I watched with interest as Ghemawat sped through his undergraduate
and PhD degrees at Harvard in a total of six years. I was pleased when he
decided to go consult after receiving his PhD. And I was delighted when
he was recruited by Michael Porter to join the Harvard Business School faculty at age twenty-three. He went on to become the youngest professor ever
granted tenure at Harvard Business School, on the strength of a body of
distinguished work on sustainability and competitive dynamics, particularly Commitment, which is my favorite book of his. Or was, until this one.

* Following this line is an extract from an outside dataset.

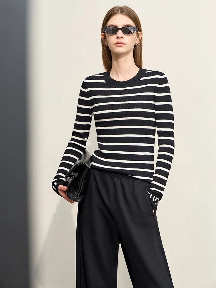 送料無料 アパレル AMII ミニマリストストライプセーター女性 2023 秋スリムフィットベーススプライシング O ネックフルスリーブニットトップ 12344110 オータム 秋物 Oネック AE121222330867392961 | mihatudai(みはつばい)ネットショッピングならmihatudai

Redefining Global Strategy is based on a decade of immersion in the strategies of global enterprises. This research has already resulted in a stream of
articles in the Harvard Business Review, of which the two most recent are
“Regional Strategies for Global Leadership” (December 2005), which received HBR’s award for the best article published that year, and “Managing
Differences: The Central Challenge in Global Strategy,” which was published as the lead article in March 2007. But it is only in this book that
Ghemawat fully elaborates and explores the implications of his core proposition: that frontiers matter. Our age, he says, is not one of complete—or
even near-complete—globalization. Rather, the state of the world is more
appropriately characterized as “semiglobalization.”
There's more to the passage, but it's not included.